Many people believe in human empowerment, that you can command things into existence through your words and many people try to merge that with the Bible and you come up with the prosperity gospel or the prosperity movement. And see, that’s why Paul is warning here about philosophy and to not let philosophy take over.
So Bernard Ramm says, “The outstanding Jewish allegorist was Philo…He was a thoroughly convinced Jew. To him the Scriptures (primarily in the Septuagint version) were superior to Plato and Greek philosophy…Yet, he had a great fondness for Greek philosophy, especially Plato and Pythagoras. By a most elaborate system of allegorizing he was able to reconcile for himself his loyalty to his Hebrew faith and” at the same time “his love for Greek philosophy.” [Protestant Biblical Interpretation, 3rd rev. ed. (Grand Rapids: Baker, 1970), 27.]
So what he started to do, Philo, is he started to merge human philosophy with the Scripture and doggone it, the Scripture is kind of stubborn; it’s not submitting to my philosophy at certain points; I know what I’ll do, I’ll just allegorize that Scripture.
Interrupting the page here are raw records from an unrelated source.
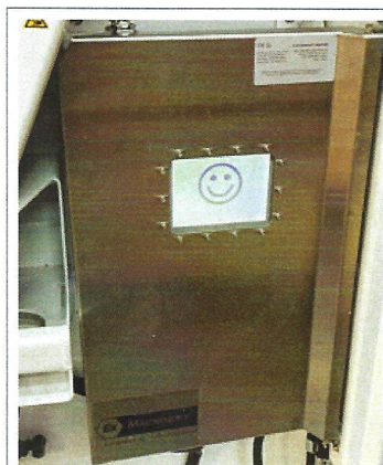
Easy operation with Smiley interface, safely locked behind impact proof door.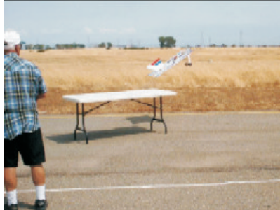
Touch'n go on the table.

Out of over 200 PBF sold only a couple showed up for fun fly. If may be explained by rough weather in the morning. But even so, the pilots, who flew their "flat piece of coroplast" had a great time.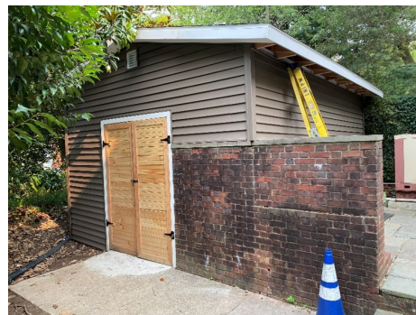
Exterior view of the new programming storage.

Over the last few summers, we have increased our outdoor programming with more concerts and dance performances than in years prior. Since the Lunar Lawn doesn't have a permanent stage, we looked for creative locations to store the large interlocking stage panels that must be set up and broken down for each run of performances that wouldn't affect the serenity of the gardens around Hillwood. Tucked in near the side entrance of the mansion near the Security control room, we found just the spot. Close to the Lunar Lawn but out of sight, this shed is just large enough to fit the 16 stage panels each weighing about 150 lbs., the cart to move them, and the outdoor chairs that all go into each show. The facilities team got their first real world test of the new location for the Coyaba dance performances a few weeks ago in late July and it cut the set up and breakdown time in half compared to the original storage location in the C.W. Post Garages.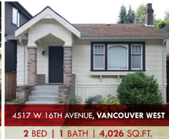
4517 W 16TH AVENUE, VANCOUVER WEST 2 BED | 1 BATH | 4,026 SQ.FT.

EXCEPTIONAL SERVICE AND SELL YOUR PROPERTY FOR TOP DOLLAR.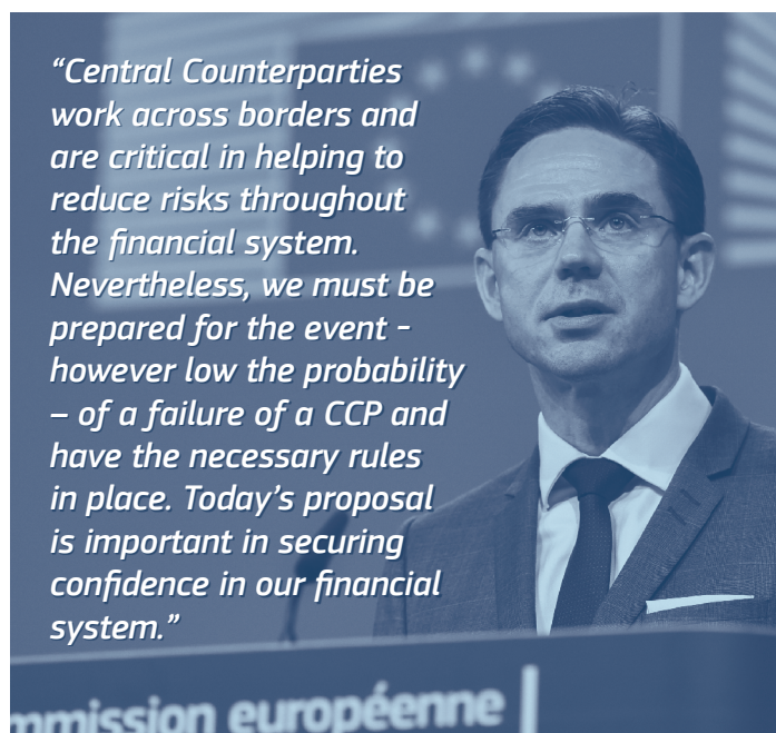
Valdis Dombrovskis Commission Vice-President in charge of Financial Stability, Financial Services and Capital Markets Union

"Central Counterparties work across borders and are critical in helping to reduce risks throughout the financial system. Nevertheless, we must be prepared for the event - however low the probability - of a failure of a CCP and have the necessary rules in place. Today's proposal is important in securing confidence in our financial system."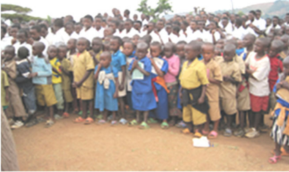
When we started

With all my heart, I thank you. The children, staff and I are praying for you.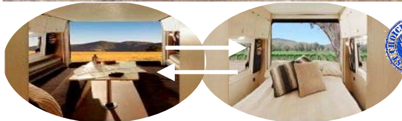
白天可作座椅及休息間 → 晚上易變床褥(以電動操作)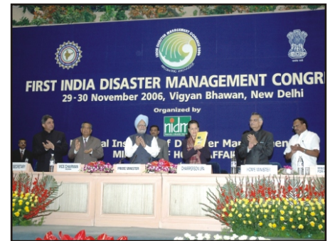
Mrs. Sonia Gandhi releasing book on Earthquake Safe Design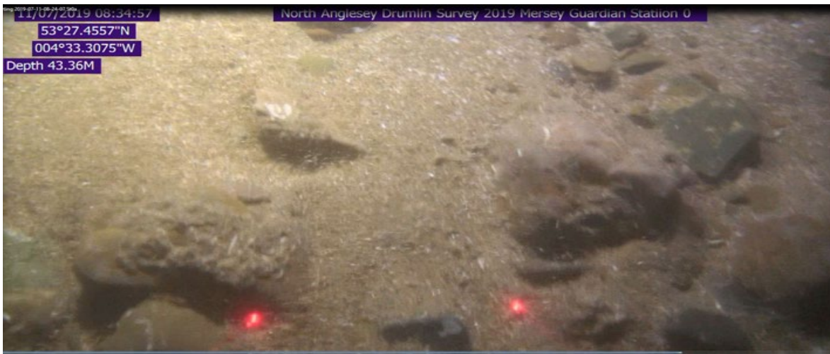
Biotope Code and Name - SS.SCS.CCS Circalittoral coarse sediment Station_00_H1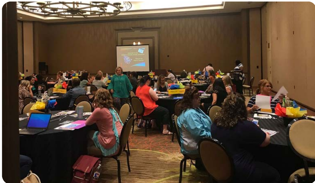
Teachers creating their make and take project at the teacher leader workshop this summer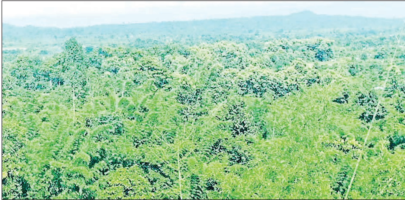
The photo shows panoramic scene of Monghein (expanded) protected public forest.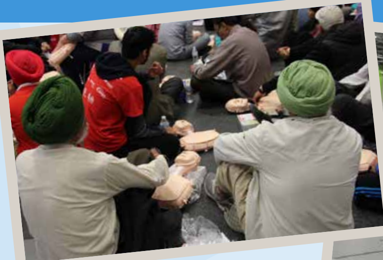
A record number of participants at CPR 500

We believe the future of northeast Calgary will be brighter tomorrow than it is today. Our organization was founded on the principals of serving the most diverse quadrant of Calgary.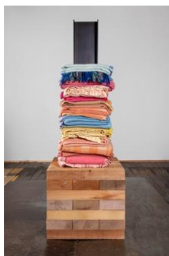
Marie Watt (b. 1967) Skywalker/Skyscraper (Sunrise) , 2021 Reclaimed wool blankets, steel I-beam, cedar 88 x 30 x 30 inches (223.52 x 76.2 x 76.2 cm)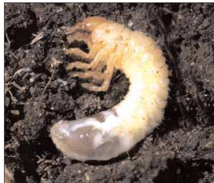
Figure 3. Turfgrass-infesting white grub larvae feeding on grass roots. Grubs are most damaging when they reach a length of \frac{1}{2} - to 1-inch.

Larva. White grub larvae are creamy white and C-shaped, with three pairs of legs (Figure 3). After hatching, the white grub passes through three larval life-stages, or instars. These instars are similar in appearance, except for their size. First- and second-instars each require about 3 weeks to develop to the next life-stage. The third-instar actively feeds until cool weather arrives. Third-instar larvae are responsible for most turfgrass damage due to their large size ( \frac{1}{2} to 1 inch-long) and voracious appetites. Feeding by large numbers of third-instar white grubs can quickly destroy turfgrass root systems, preventing efficient uptake of food and water. Damaged turf does not grow vigorously and is extremely susceptible to drying out, especially in hot weather.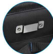
Tape Measure Clip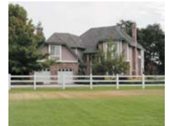
1 Rural Residential

Ronald Diprose, in a book I highly recommend to you; if you get this and read it, it will explain a lot of these ideas. It’s called Israel in the Development of Christian Thought. Ronald Diprose said, “Clement of Alexandria (c. 155‒c. 220) was unashamedly a Christian Platonist and as such he quoted from Plato, and indeed from other philosophers, with the same ease the He quoted from the Hebrew Scriptures and the New Testament. Moreover, he interpreted the Bible in light of Platonic concepts…” So platonic concepts becomes the grid through which Clemet of Alexandria, Alexandria, Egypt, began to read the Scripture. “His dependence upon Plato is further evident in a speculative passage in which the Jews feature as ‘helpers’ while the Christians are considered ‘fit to rule.’” So those Jewish people, you know, God doesn’t have a future for them, the Jews are here to serve us Christians. And so he began to take certain teachings in the Old Testament and allegorize them and make it sound like that’s what the Bible is teaching. And that’s really the origin og what you call replacement theology. Diprose goes on and he talks about another well-known allegorist that I’ll call your attention to in a minute, a maned Origen. “Origen continued the Alexandrian tradition of interpreting the Bible in a way which harmonized with Greek philosophy.” [Israel in the Development of Christian Thought (Rome: IBEI, 2000), 157-58
So whatever philosophy you’re into you’d better be very careful about that because what’s going to happen at some point is the tale is going to start wagging the dog and you’ re going to start being tempted to make the Bible say something it doesn’t say.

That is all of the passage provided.